Budgeting, Credit Counseling, and Approaching Debt Differently
Often people have a hard time escaping debt because they have bad habits and don’t fully understand how their credit card debt works. If this is the case for you, it might be worth looking to credit counseling if you need additional help. It’s often a great option if you want to be able to get back control of your current financial situation. There are plenty of free resources and services online, as well as in-person.
This is a good option if you think you can handle your debt in the future, but consolidating debt is often the best option if you really need to lower the current interest rates you’re paying. While credit counseling is good, it doesn’t decrease the burden of the cost of your debt.
If you don’t think there is any way you can pay back the debt you owe, even if you are able to obtain a loan, you might want to consider a debt settlement program.
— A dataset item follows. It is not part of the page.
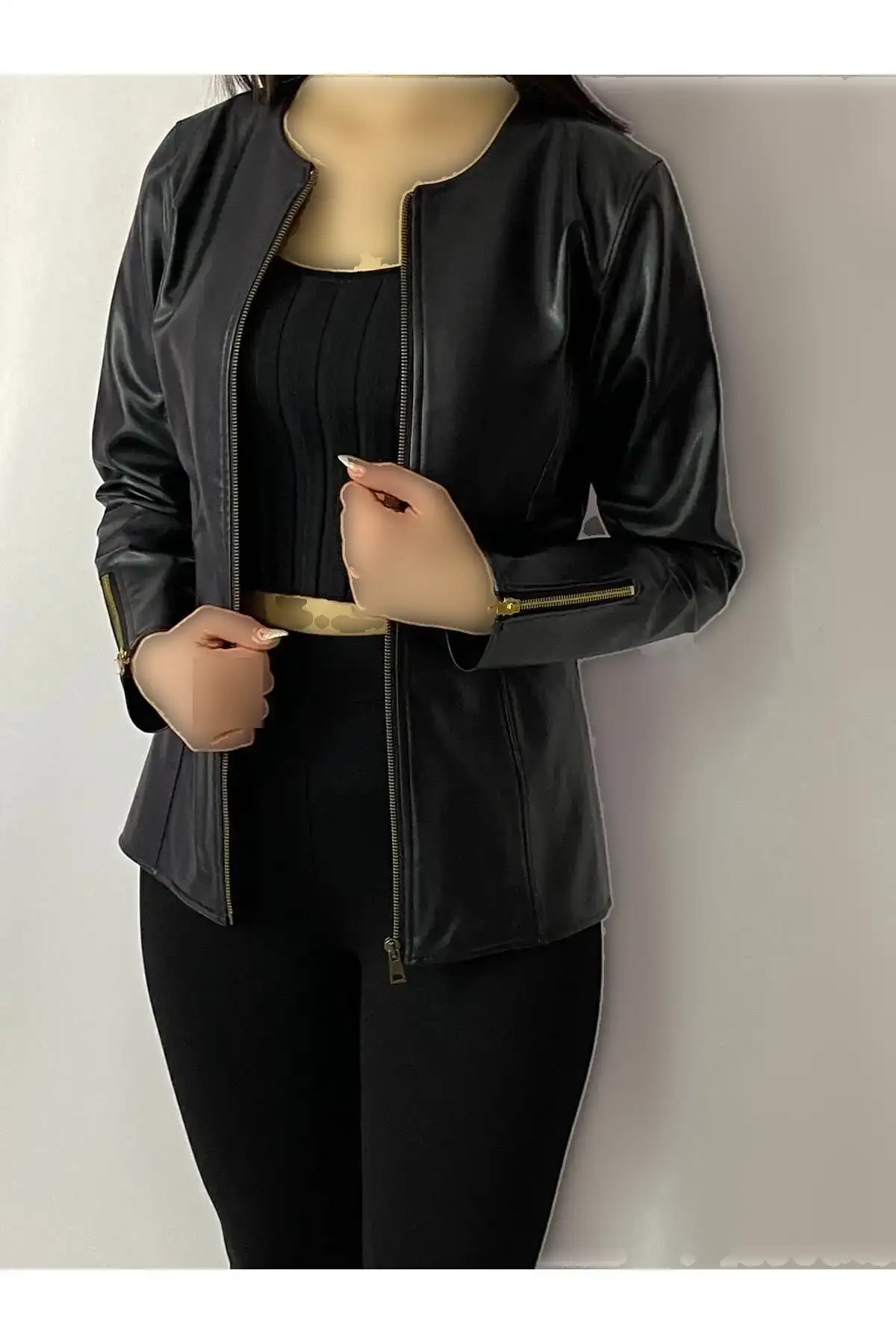 بدنه جاکت از چرم مصنوعی ساخته شده است که نه تنها باعث میشود سبک و جوان به نظر برسید، بلکه همچنین از شما در برابر سرما محافظت میکند.

Some lenders will enter into debt settlement agreements when they know that you won’t be able to pay the money back. It’s a great way to ensure that you get rid of your debt, even if you can’t pay the full amount.
While there are plenty of lenders that typically won’t accept debt settlements, you can speak with your lender directly about your situation. The downside of this method is that it will impact your credit – if you have a good credit score, this will severely drop your current rating. For this reason, debt settlement should be avoided if you think there is any way that you can pay off your current debt. That being said many people have success fixing their credit on their own or even hiring credit repair companies to do it for them.
Secured Vs. Unsecured Loans
If you’re looking at loans to consolidate debt, you might find that many lenders offer a few different options. For example, you can often choose secured loans and unsecured loans. These are both forms of personal loans, but they vary drastically – the one you choose will depend on the type of loan you’re looking for.
In this section, we’ll give a quick overview of each type – it will give you a better idea of which one you might be interested in.
Unsecured loans are the most popular form of personal loan consolidation. They’re loans that are not secured against any asset. If you have a good credit score, you can obtain an unsecured personal loan to pay down your debts. You won’t have to worry about proving your assets or savings if you want this type of loan.
While many people choose unsecured personal loans, there are also plenty of people who get debt consolidation loans for bad credit. Secured loans are great if you don’t have a good credit score – they allow you to secure the loan against an asset or your savings. It means if you don’t pay the loan back, the bank can use your collateral to get their money back.
Secured loans also reduce the interest rates associated with the loan, as there is much less risk for the bank.
A Few Reminders
Before deciding to take out a debt consolidation loan, make sure it makes sense. This type of loan doesn’t save you money if the loan’s interest rate is higher than the one you are paying on your current debt.
Additionally, if you don’t deal with the circumstances that lead you to accrue debt in the first place, then you will not benefit from a consolidation loan. It is important to not add any more debt after you have taken out your consolidation loan, or you will be in a worse position than you were before.
Finally, have a plan to deal with small emergencies before you start paying off your debt. A rainy-day fund can help you avoid using your credit cards when an unexpected expense comes up, making it more likely you’ll get your finances under control.
As you can see, there are a number of advantages to using personal consolidation loans, however, make sure that you are using them as a way to get your financial future back on track. Also – make sure you understand the different terms and conditions so that you can get the right loan for your needs.